Я шел к троллейбусной остановке и думал, что теперь знаю, почему Никита Гладышев “мстил” Елизавете Павловне Ромашиной. Он был максималистом, предпочитал рубить сплеча. Учитель Морозов, которого он уважал, попытался объяснить, что в жизни все гораздо сложнее, чем представляется на первый взгляд. Никита ушел от Морозова повеселевшим, как “будто скинул с плеч тяжкий груз”.
Но с каким грузом он все-таки приходил к Морозову? Только ли с тем, что стал свидетелем “предательства” Ромашиной и мучимый угрызениями совести, — знает обо всем и молчит, не говорит своему тренеру — мужу Ромашиной?
Но что имел в виду Никита, задавая Морозову вопрос о генетике “предательства и подлости”? Может быть, вовсе не случай с Ромашиной, а иное, о чем не решился сказать даже любимому учителю?
Я не хотел так легко отступать от мысли, которая появилась еще до встречи с Андреем Александровичем Морозовым.
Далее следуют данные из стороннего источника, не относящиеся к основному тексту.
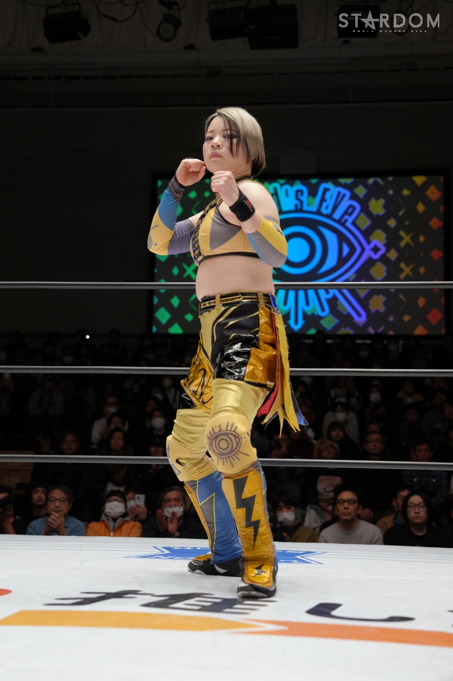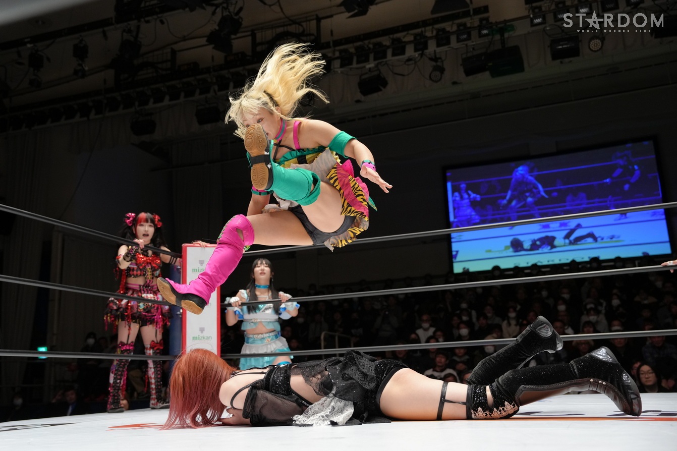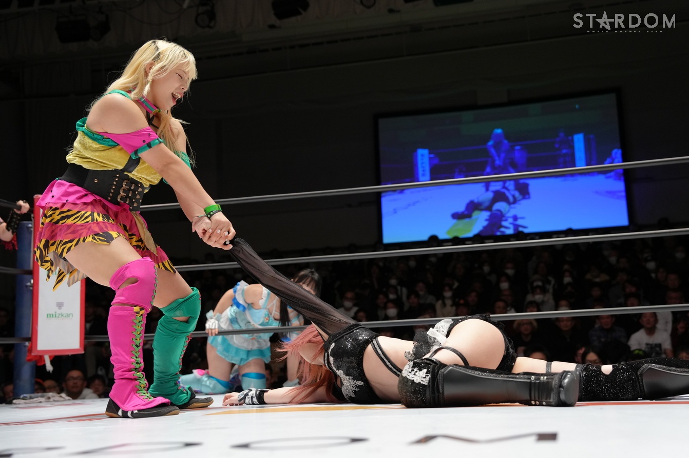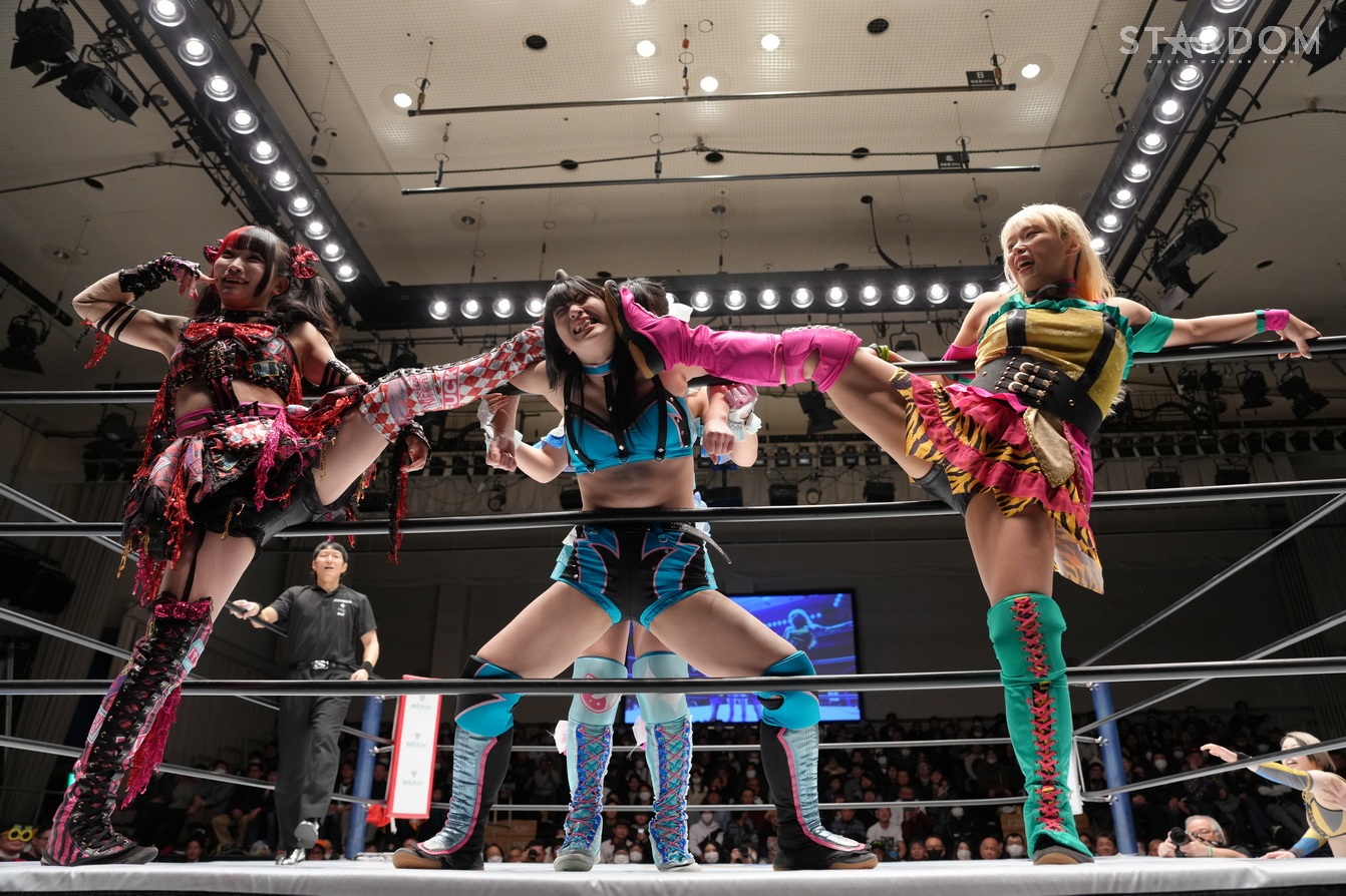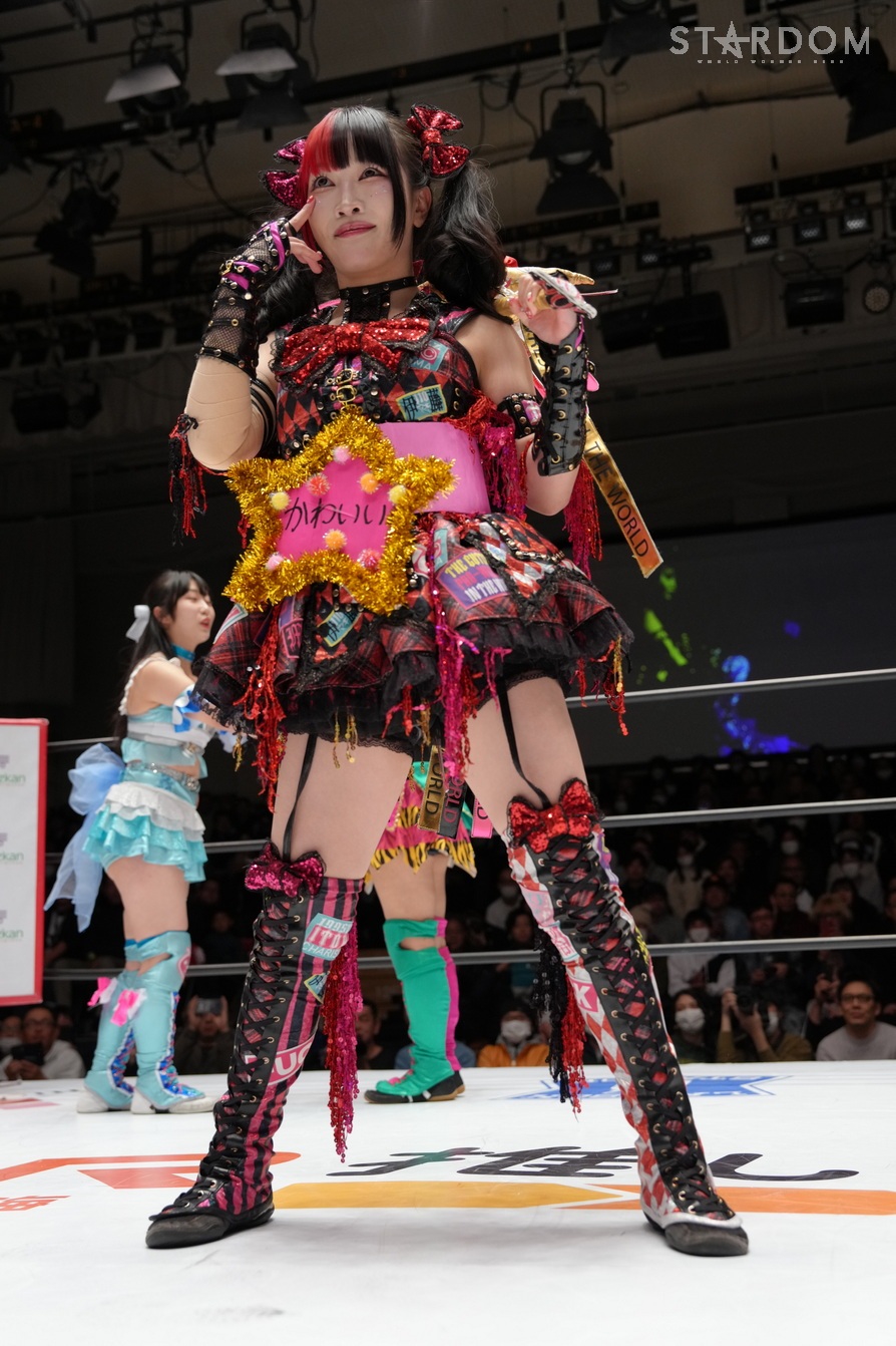 鹿島がさくらをハグし、八神とも握手をかわす。伊藤の入場曲に合わせて水森がリング上でダンス、玖麗は困惑。伊藤は壊れそうな手作りベルトを下げてさくらと向き合う。水森は「プロレスにかわいいなんて関係ないんだよ! 全然動かないヤツ出てこい!」と鹿島を指名? 鹿島が嫌々出てきて、そのままゴング。水森は「ちゃんと動けよ」と釘をさす。鹿島は「オマエら見とけよ、動くから!」と宣言、水森がロープに振るが、鹿島は勝手にジョギングっぽい動きから水森をロープに何度も振り、自ら倒れ込む。水森が手を引くが、鹿島がサッと丸め込む。水森は「ふざけんな」とギロチン連発。さくらが水森にドロップキック、水森がドロップキックでお返し。玖麗がさくらへドロップキック、キャメルクラッチ、ロープに固定して水森と伊藤も加勢する。玖麗はさくらをカバー。伊藤がさくらへ串刺しエルボー、「お待たせしました!」と世界一可愛いナックルを宣言。そこへ玖麗が妨害して、「お待たせしました」とコーナーに上がり、戸惑いながら「一番…」。水森に促され下りると、水森が「トロピカル一かわ…」。伊藤が落として、さくらに「ぶっ殺す」と宣言、しかしさくらがDDT、串刺しで回し蹴り。伊藤が返すと、さくらがエルボー連打。伊藤もやり返してエルボーの応酬。伊藤が頭を突き出して阻止。さくらがカウンターでミドルキック、伊藤がDDT。玖麗と八神がドロップキックをかわし合い、エルボーの応酬に。八神がミドルキック連打、玖麗がエルボーアタック。八神が返すと、玖麗は串刺しドロップキックから、もう一発ドロップキック。八神をかいくぐり玖麗がバックを取り、水森のアシストを得て玖麗はミサイルキックを決める。玖麗は八神にスピアにいくがかわされて、さくらと鹿島が攻撃、八神が串刺しハイキックからニーアタック。玖麗が返すと、八神は腕十字。八神はフィニッシュを宣言して

Однако важно вот что… Никита Гладышев торопился домой, не хотел волновать мать. И после… броситься в море.
Вряд ли это возможно Интуиция и логика подсказывают, что это нереально. Бог с ней, с интуицией. А вот по логике, если бы Никита написал и поспал письмо сестре после 14 мая, то есть после встречи с Морозовым, я мог бы многое другое допустить. Однако сначала было письмо, а потом разговор с учителем, после которого Никита ушел повеселевшим, “будто скинул с плеч тяжким груз”.
Подошел троллейбус и я легко вскочил на подножку.
20 мая 1978 года, суббота, 21 час
В пятницу и субботу на меня навалились другие дела, расследованием происшествия с Никитой Гладышевым я почти не занимался, если не считать того, что удалось побывать в магазине “Филателия”. Мое предположение, что Никита продал магазину свой альбом с марками, оказалось верным. Среди квитанций я обнаружил и датированную 12 мая. Она была выписана на имя Никиты Гладышева, магазин “Филателия” купил у него альбом с марками за 200 рублей.